In
previous posts we’ve discussed
considerations for college planning. In this post we are going to discuss
saving for college and, specifically, two of the more common accounts for
college savings: Uniform Transfer to Minor Account (UTMA) and Section 529
Plans.
The
Uniform Transfer to Minor Account (UTMA) was an early popular choice for many
families to save for college education as it offered a few advantages over
traditional savings accounts. First, the transfer of assets was treated as a
completed gift which removed the assets from the donor’s gross estate. As a
gift, it was subject to the current annual gift exclusion ($14,000 in 2014).

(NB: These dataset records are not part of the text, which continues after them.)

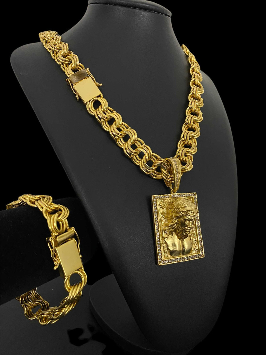 Kit Friso Triplo 18mm + Pingente Banhado Ouro 18k
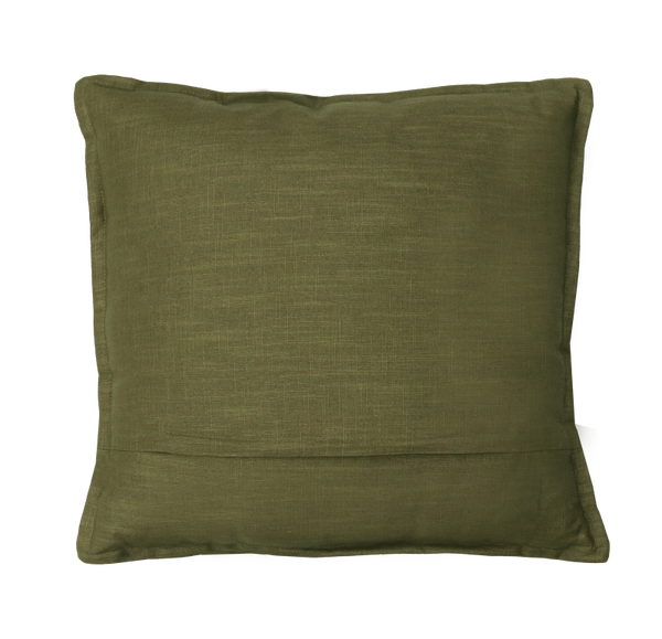 Het kussen is gemaakt van een grove linnen stof met doorgestikte naden aan zijkant.
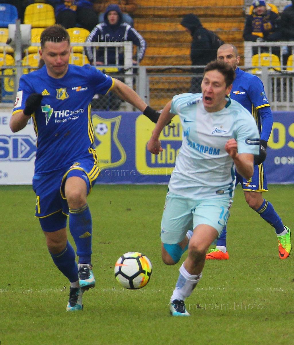 РОСГОССТРАХ Чемпионат России по футболу 2017/2018. 22-й тур. Матч между командами ФК "Ростов" (Ростов на Дону) и ФК "Зенит" (Санкт-Петербург) на стадионе "Олимп-2".
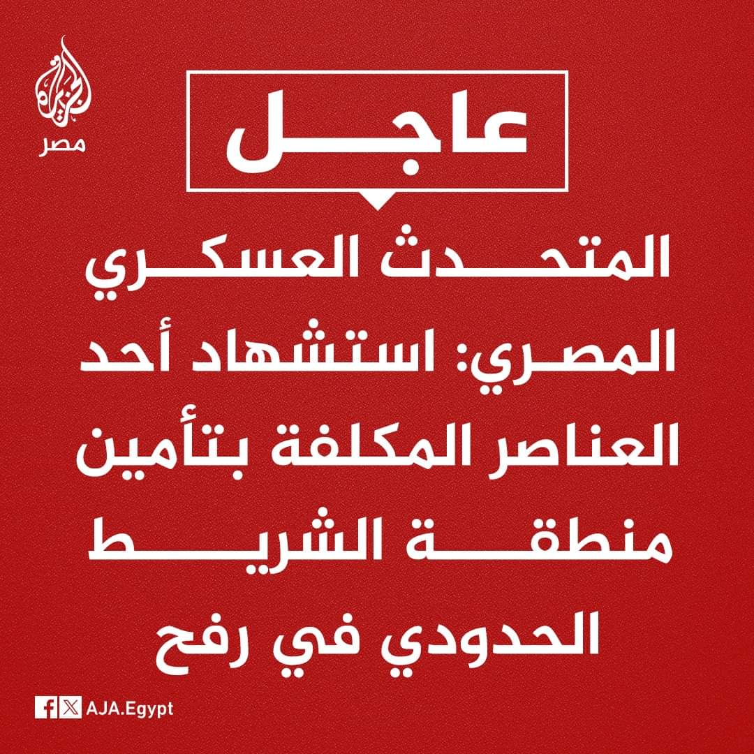اعلن المتحدث العسكري المصري استشهاد أحد العناصر المكلفة بتأمين منطقة الشريط الحدودي في رفح.
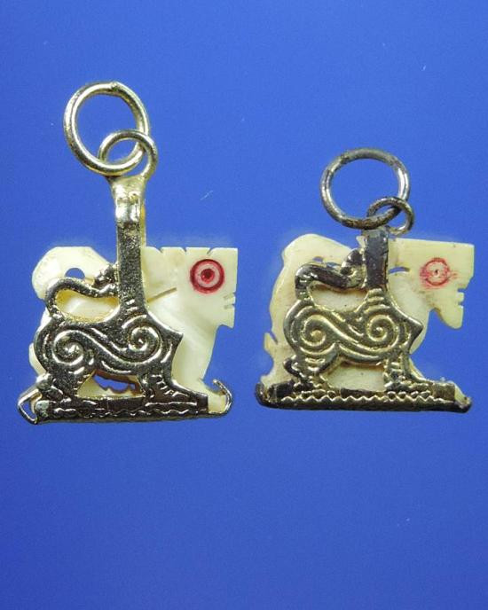 สิงห์สองขวัญ หลวงพ่อมุ่ย วัดดอนไร่ พิมพ์ศิลป์C ปี2500-2517 จ.สุพรรณบุรี(ขนาด0.8ซม.) + บัตรG-pra สภาพเดิมค่ะ |
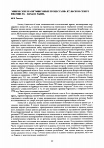 ЭТНИЧЕСКИЕ И МИГРАЦИОННЫЕ ПРОЦЕССЫ НА КОЛЬСКОМ СЕВЕРЕ В КОНЦЕ XX - НАЧАЛЕ XXI ВВ. О.В. Змеева Распад Советского Союза, экономический и политический кризис, настигнувшие госу дарство в конце XX в., не могли не отразиться на этническом и численном составе населения. Падение уровня жизни, остановка ряда предприятий, массовые увольнения, безработица в по следнее десятилетие прошлого века характерны для Мурманской области, как и для страны в целом. На КольскомСевере к началу нового столетия около половины населенияжило вбедности1. Особую роль в изменении демографической картины региона сыграло падение произ водства градообразующих предприятий. Если в советское время политика государства была на правлена на приток населения в регион, постоянное наращивание темпов производства и роста экономики, то в начале 1990-х открытие международных рыночных площадок, возникшая кон куренция снизили спрос на товары местного производства. Таким образом, государство вынуж дено было приостанавливать работу нерентабельных или убыточных предприятий, а в некото рых случаях и закрывать их. В результате, в регионе возросло количество безработных, которые не могли восстановить свой прежний доход другими способами2. Произошедший в 1990-е гг. спад производства, а в некоторых экономических сферах и приостановление работы целых от раслей, повлияли на миграционные установки северян, то есть их готовность покинуть место проживания, намерение переехать в другой регион или в другую страну. Такая ситуация харак терна в целом для северных городов, которые, за исключением областных центров, ориентиро ваны на какую-либо одну отрасль производства. Показательными являются примеры с север ными и дальневосточными регионами страны, которые потеряли значительную часть населения в начале 1990-х3. Очевидно, что кризис спровоцировал демографические потери. Миграционная убыль для Мурманской области была весьма существенной, результаты Всероссийской перепи си населения 2002 г. показали сокращение численности жителей области более чем на 254 тыс. человек по сравнению с 1989 г. Наибольшего размаха выезд достиг в 1992 г., когда область по теряла сразу 31,1 тыс. человек4. Условия жизни в постсоветский период на Кольском Севере оказались настолько неблагоприятны, что не могли компенсироваться даже соответствующим набором льгот и заработной платой. Отличительной чертой миграционных процессов в области можно считать то, что среди «выбывающих более 70% лица трудоспособного возраста, что при водит к увеличению в структуре населения лиц пенсионного возраста»5. Более того, «в процесс выбытия с Севера включались и те, кто уже перешел в разряд старожилов, в миграцию начала 1990-х гг. было втянуто осевшее население»6. Таким образом, население Мурманской области в целом было сформировано в советское время, «краткие периоды политических и военных потрясений не могли оказать сколько-нибудь длительного воздействия на течение миграционных процессов, посредством которых быстро восстанавливался тот ущерб, который приносили те или иные чрезвычайные события»7. Конец XX в. разделил жизнь многих семей бывшего Советского Союза на время «до» и «после» перестройки. В период плановой политики распределения населения в СССР родст венники нередко разъединялись, предпринимали длительные путешествия за пред
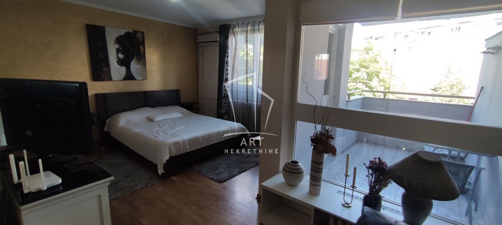 Stan apartmanskog tipa u mirnoj ulici na Dorćolu. Kompletno opremljen stvarima za svakodnevni život.
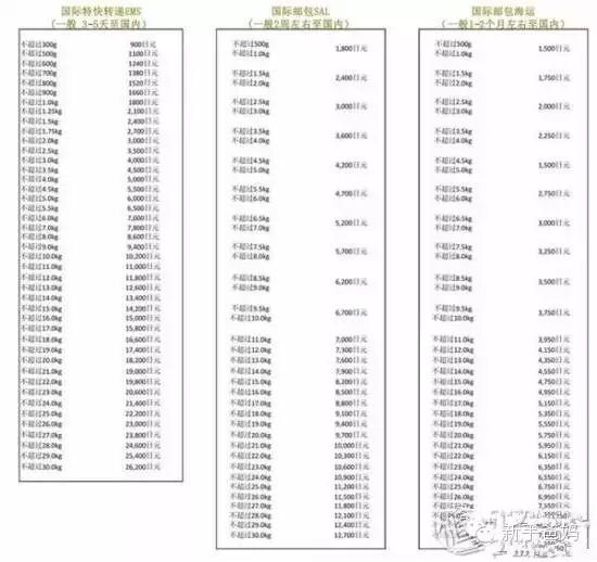 然后我们来讲讲这四种方式的费用。费用各个转运网都有,但不免私自更改嫌疑。因此我们统一来参照日本邮便官方价格。
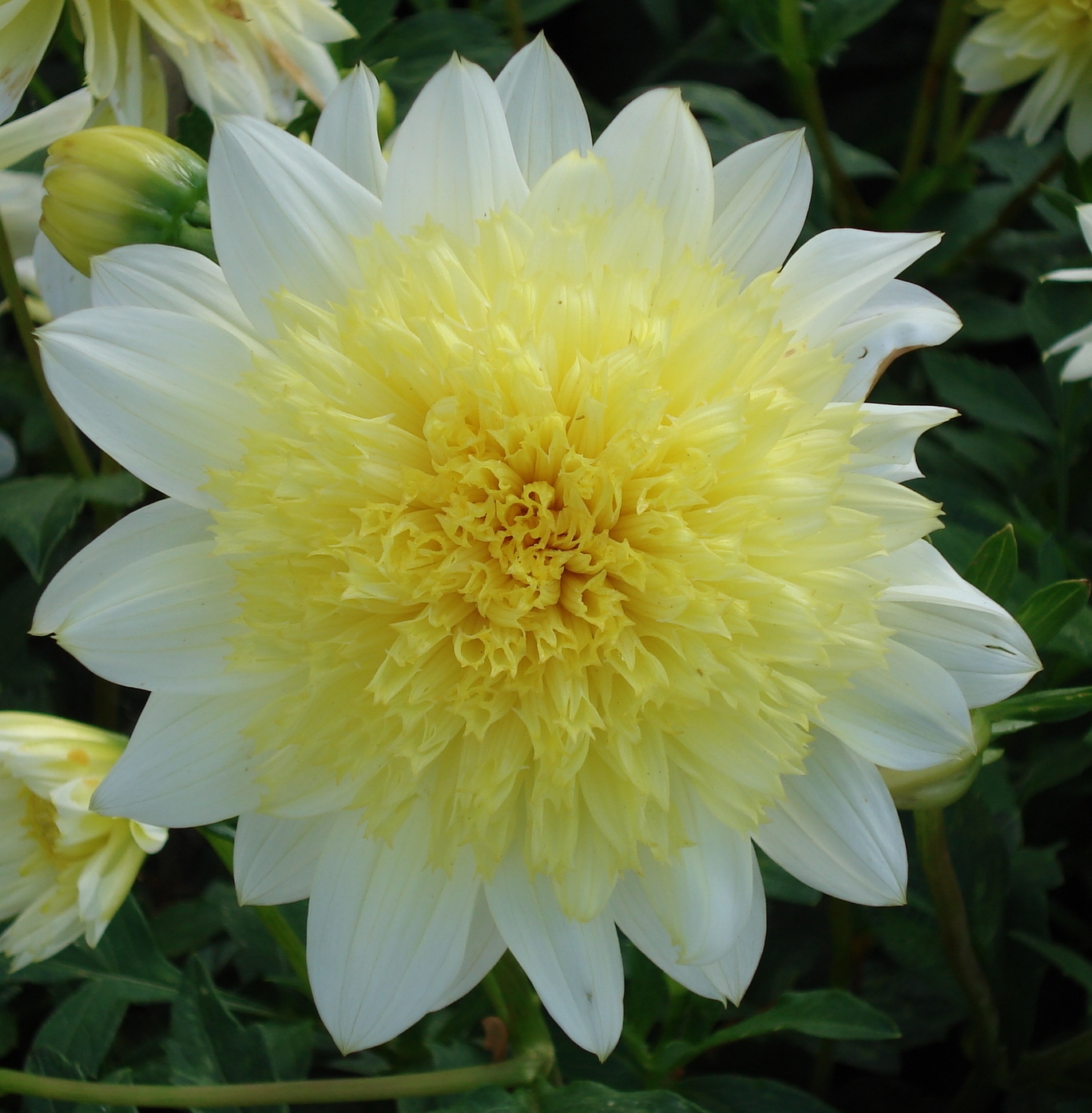 The upper case colour is the colour of the ray florets, the lower case is the colour of the cushion. Subtype (Lil.) indicates a lilliput dahlia, which is usually less than 15 inches (45cms) in height and with flowers not normally bigger than 2 inch diameter. (Dw.B.) indicates a dwarf bedding variety which does not normally exceed 24 inches (60cms) in height Use C. indicates suitable as a cut flower, ie it has long wiry stems. E. indictes the variety is suitable for exhibition purposes. G. indictes suitable for general garden use. P. indicates the variety is suitable for growing in pots or patio containers. Other anemone flowered dahlias

Second, any unearned income received favorable tax treatment, albeit lessened
with the advent of the “kiddie tax.” Unearned income is generally investment
income including interest, dividends and capital gains. Under the current tax
code, the first $1,000 of unearned income is exempt using the standard
deduction for dependents; and the next $1,000 of unearned income is taxed at
the child’s income tax rate. However, any unearned income in excess of $2,000
is taxed at the parent’s marginal tax rate. One drawback to
the UTMA is it is considered an irrevocable gift. When the recipient reached
the age of maturity – 21 in Pennsylvania and most other states – the
custodianship ends, meaning the recipient now has full control and can dispense
with the assets however they choose.
Section
529 Plans arose out of the creation of Section 529 of the Internal Revenue Code
in 1996. These 529 Plans have seen tremendous growth in the decades since due
to several key advantages. First, although they are also considered completed
gifts, they allow the donor to make up to a 5-year election meaning they can
give up to 5 times the current annual gift exclusion ($70,000 in 2014; 5 x
$14,000). Unlike UTMAs, however, they are not considered irrevocable gifts,
meaning the donor can change the beneficiary or even withdrawal the funds at a
future date. (Tax implications and penalties may apply for withdrawals not used
for qualifying expenses.) Second, all contributions are non-deductible, but all
withdrawn earnings are excluded from income if used for qualifying higher
education expenses. Another key difference is the treatment of the accounts
from a financial aid standpoint. While UTMAs are counted as a student asset,
and therefore subject to higher expected contribution rate, 529 Plans are
usually counted as a parent asset and subject to a lower expected contribution
rate. In other words, 529 Plans are typically less harmful in the determination
of financial aid eligibility.
For
those looking to establish a college savings program for their children or
grandchildren, a 529 Plan certainly warrants strong consideration. Even those
who already have existing UTMAs may ask, “Can I change my UTMA into a 529
Plan?” The simple answer is yes, but the decision should be made carefully. For
starters, Custodial 529 Plans must be set up with cash, so all investments in
the UTMA must first be sold which may have tax implications if there are
capital gains. Other factors to consider include the age of the child,
expectation and timing of higher education expenses, investment options and
account size. Always consult your financial planner or tax advisor before
making the decision to convert an UTMA to a Section 529 Plan.
If
we at Kemp Harvest Financial Group can help you in any way
with regard to your financial planning needs, please feel free to contact us.
Sources:
An investor should carefully consider the investment
objectives, risks, charges and expenses associated with 529 plans before
investing. More information is available
in the issuer’s official statement which can be obtained from your financial professional. The official statement should be read
carefully before investing.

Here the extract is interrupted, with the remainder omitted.